Reduce update-path spec-lock contention: hoist preprocessing, relabel unchanged vectors by ofiryanai · Pull Request #10012 · RediSearch/RediSearch

ofiryanai · 2026-06-07T09:40:06Z

Summary

Two changes to the HSET-update indexing path (IndexSpec_UpdateDoc) that shorten how long the spec write lock is held while a document is re-indexed, reducing contention with concurrent searches (which take the read side of the same lock). Targets the common pattern of frequent partial updates to documents that contain large, rarely-changing vector fields.

Changes

1. Hoist preprocessing out of the write lock (document.c, document.h, spec.c)
The per-field preprocessor loop is split out of Document_AddToIndexes into a new Document_Preprocess, and run — together with NewAddDocumentCtx and Document_MakeStringsOwner — before RedisSearchCtx_LockSpecWrite. Preprocessing (tokenization, vector blob copy/normalize, tag splitting, …) is pure per-document CPU work that only writes aCtx-local scratch and reads the main-thread-stable schema, so it doesn't need the lock. Only the actual index mutations (IndexDocument) now run under it.

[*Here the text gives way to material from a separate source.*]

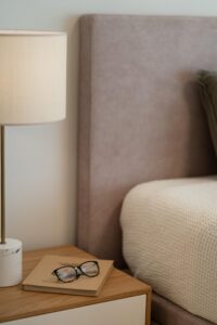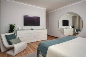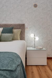 Para a suíte pretendeu-se um ambiente calmo, mas acolhedor, traduzido na escolha criteriosa da palete de cores, assim como na seleção de peças de mobiliário de linhas minimalistas, contrapondo com a inclusão de papel de parede e elementos têxteis de diferentes texturas. O espaço também se destaca pela instalação de cortinas de abertura elétrica. A casa-de-banho foi também intervencionada, com a inclusão de um novo revestimento, mobiliário e acessórios de tons neutros, destacando-se a escolha de pavimento vinílico de acabamento carvalho natural. A criação de uma sanca de luz em todo o perímetro da casa-de-banho, assim como a opção por espelhos com iluminação integrada, ajudaram a ampliar e potenciar a escolha de materialidades e as suas texturas.

2. Relabel unchanged vectors instead of delete + re-insert (indexer.c, indexer.h, document.c, spec.c)
Every HSET assigns a new internal doc id, which previously forced every vector to be VecSimIndex_DeleteVector + VecSimIndex_AddVector into the tiered HNSW index even when the vector value was unchanged — churning the graph (ghost/marked-deleted nodes, repair jobs) and burning background-worker CPU. The command filter already records which hash fields the command modified (aCtx->hashFields); for a vector field not in that set, makeDocumentId now relabels the existing vector from the old doc id to the new one via the new VecSimIndex_RelabelVector API (O(1), no graph churn) and sets skipVectorAdd so the indexer skips re-adding the identical vector. Changed fields — or when the changed set is unknown (filterCommands disabled) — keep the existing delete + re-add path, so behavior is unchanged in that case.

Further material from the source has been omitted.